◆ Data shown:
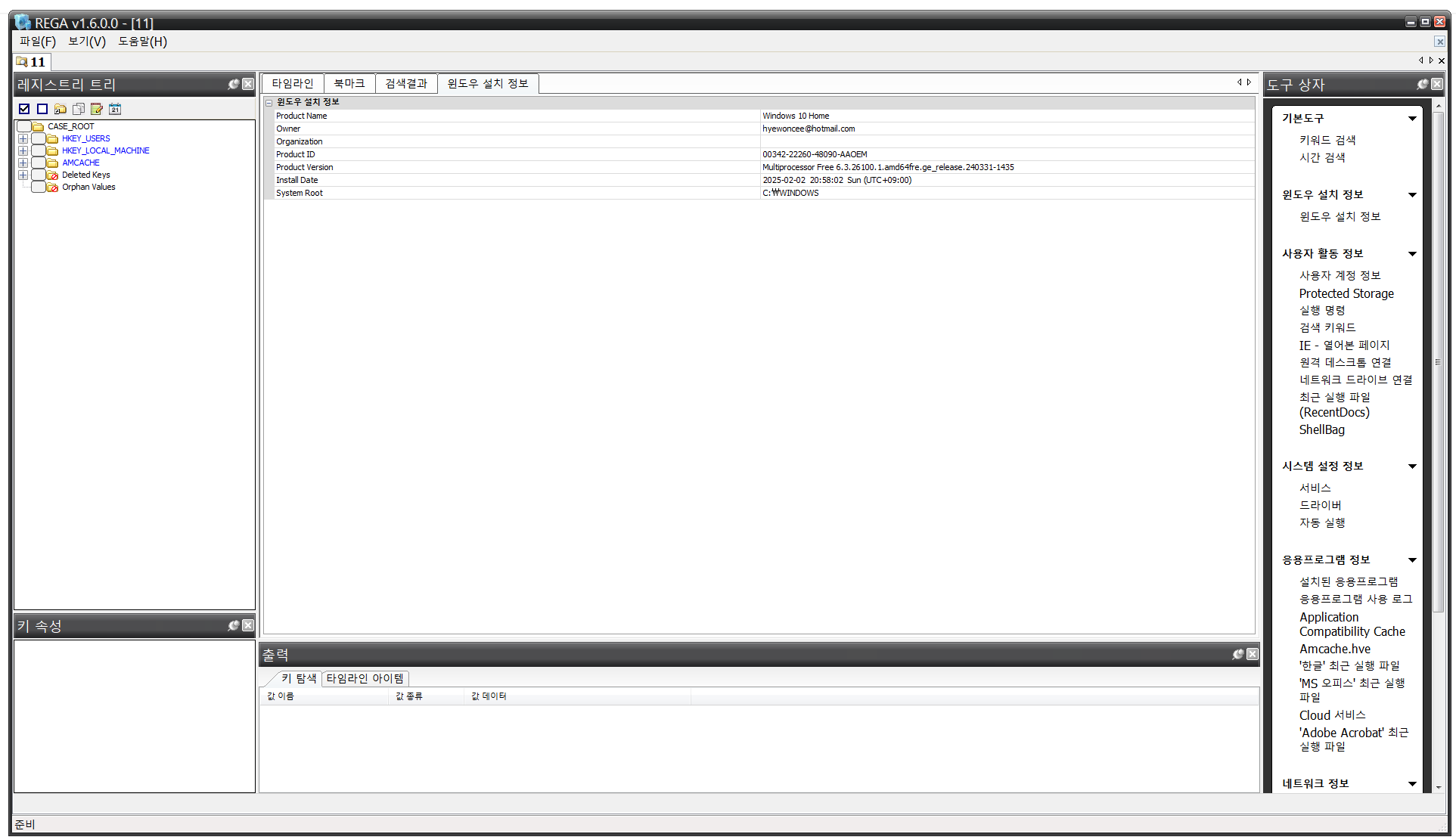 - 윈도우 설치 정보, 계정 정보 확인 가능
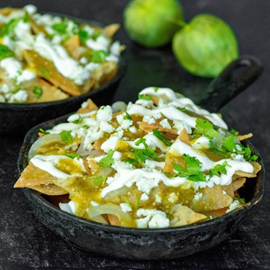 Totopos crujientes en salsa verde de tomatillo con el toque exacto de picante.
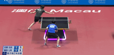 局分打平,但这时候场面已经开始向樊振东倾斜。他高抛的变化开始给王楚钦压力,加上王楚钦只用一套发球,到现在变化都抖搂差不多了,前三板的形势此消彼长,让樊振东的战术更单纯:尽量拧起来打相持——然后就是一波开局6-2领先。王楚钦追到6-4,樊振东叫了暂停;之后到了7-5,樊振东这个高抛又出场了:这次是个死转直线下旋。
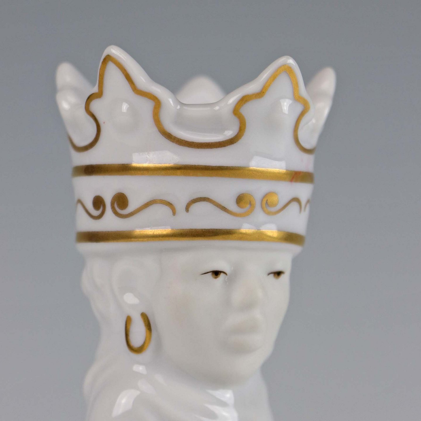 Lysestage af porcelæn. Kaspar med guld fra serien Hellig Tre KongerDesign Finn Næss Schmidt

==

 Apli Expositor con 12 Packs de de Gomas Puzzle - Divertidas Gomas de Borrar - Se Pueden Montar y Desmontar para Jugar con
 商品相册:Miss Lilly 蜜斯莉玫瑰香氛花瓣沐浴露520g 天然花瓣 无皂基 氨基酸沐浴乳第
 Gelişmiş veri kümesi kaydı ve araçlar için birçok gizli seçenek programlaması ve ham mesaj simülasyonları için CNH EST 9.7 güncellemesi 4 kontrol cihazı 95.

==

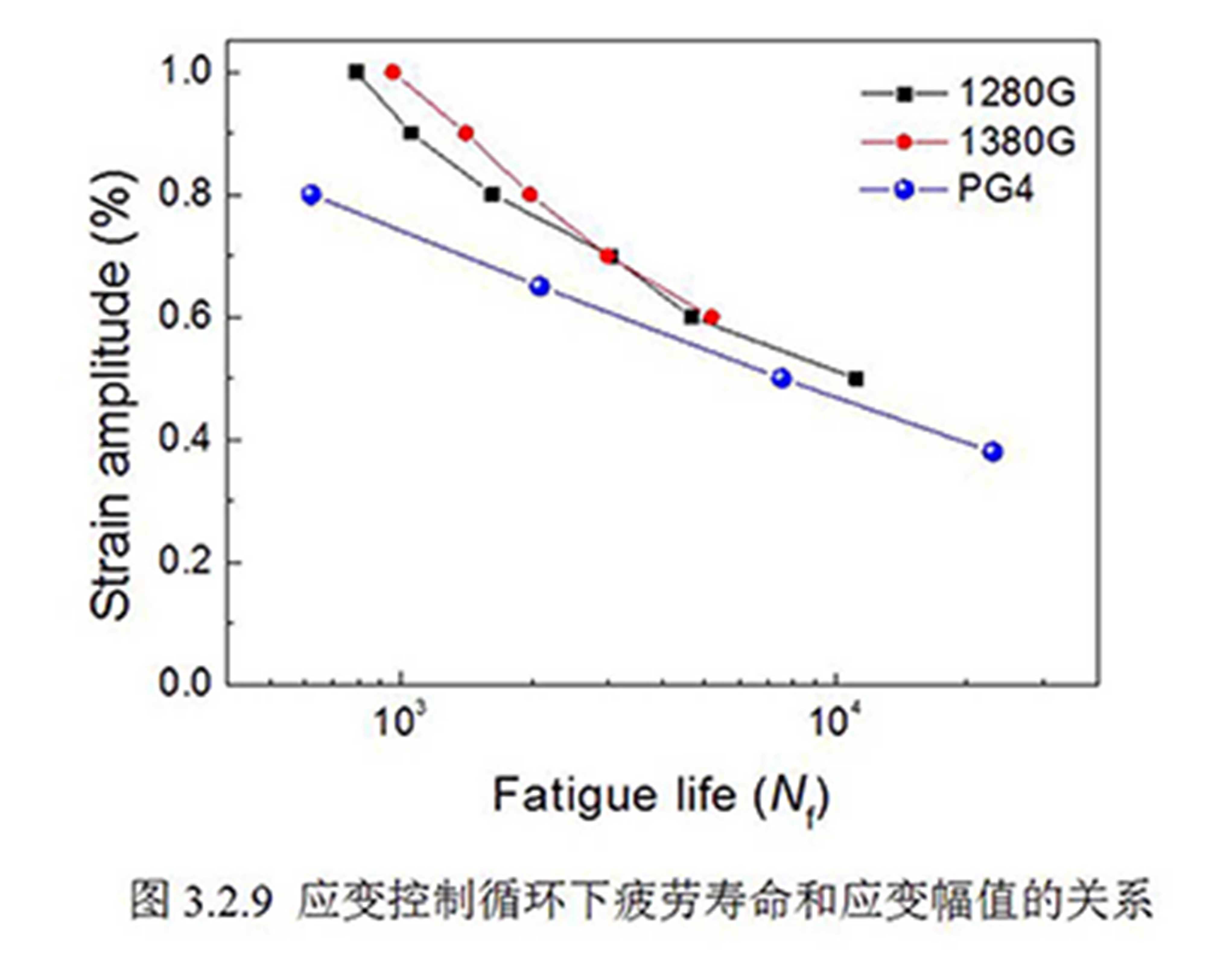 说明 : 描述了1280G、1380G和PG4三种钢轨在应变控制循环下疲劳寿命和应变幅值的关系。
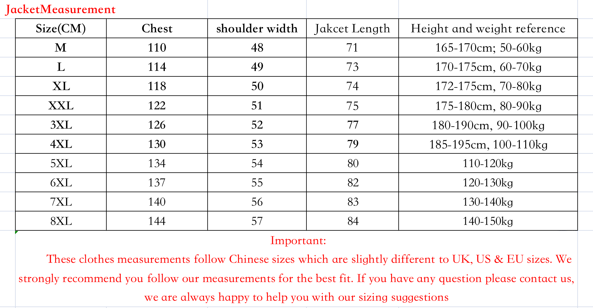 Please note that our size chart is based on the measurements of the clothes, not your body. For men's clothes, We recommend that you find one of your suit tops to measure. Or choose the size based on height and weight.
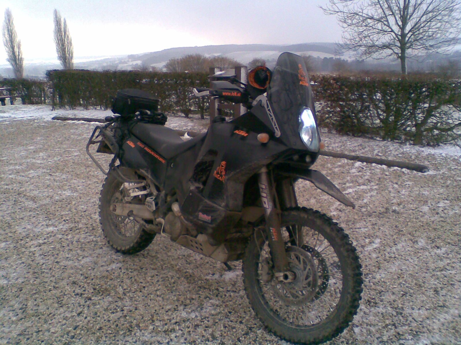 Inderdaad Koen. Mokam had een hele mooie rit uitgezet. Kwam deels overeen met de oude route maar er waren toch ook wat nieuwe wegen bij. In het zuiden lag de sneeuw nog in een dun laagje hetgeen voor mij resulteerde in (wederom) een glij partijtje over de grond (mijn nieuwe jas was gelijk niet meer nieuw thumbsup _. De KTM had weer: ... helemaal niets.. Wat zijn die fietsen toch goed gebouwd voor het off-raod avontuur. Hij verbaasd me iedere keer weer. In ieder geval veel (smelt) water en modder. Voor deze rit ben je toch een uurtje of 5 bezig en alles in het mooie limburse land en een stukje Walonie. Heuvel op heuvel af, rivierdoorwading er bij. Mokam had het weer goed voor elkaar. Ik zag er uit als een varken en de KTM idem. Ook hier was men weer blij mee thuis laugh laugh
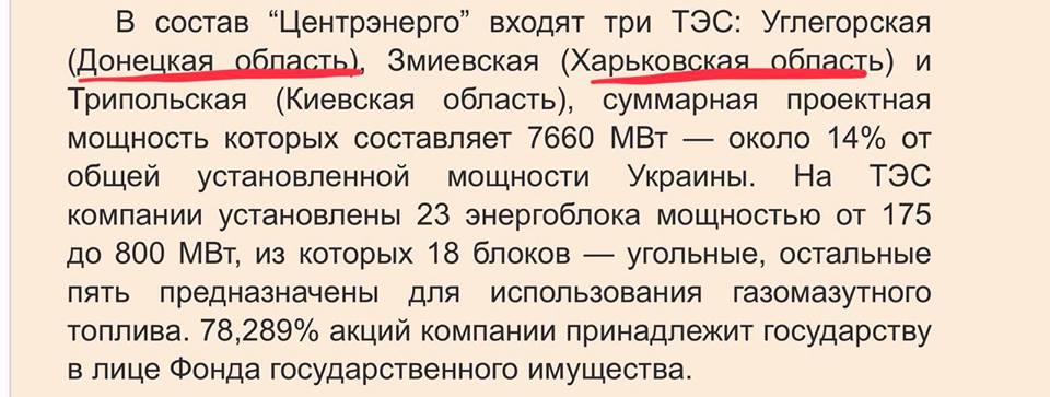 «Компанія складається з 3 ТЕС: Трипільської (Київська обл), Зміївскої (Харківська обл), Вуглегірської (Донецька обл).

◆ What to produce: The line above containing "Apli Expositor con", the line containing "商品相册:Miss Lilly 蜜斯莉玫瑰香氛花瓣沐浴露520g", and every line between them are to be transcribed exactly; no other line is wanted.

◆ Solution for this problem:
 Apli Expositor con 12 Packs de de Gomas Puzzle - Divertidas Gomas de Borrar - Se Pueden Montar y Desmontar para Jugar con
 商品相册:Miss Lilly 蜜斯莉玫瑰香氛花瓣沐浴露520g 天然花瓣 无皂基 氨基酸沐浴乳第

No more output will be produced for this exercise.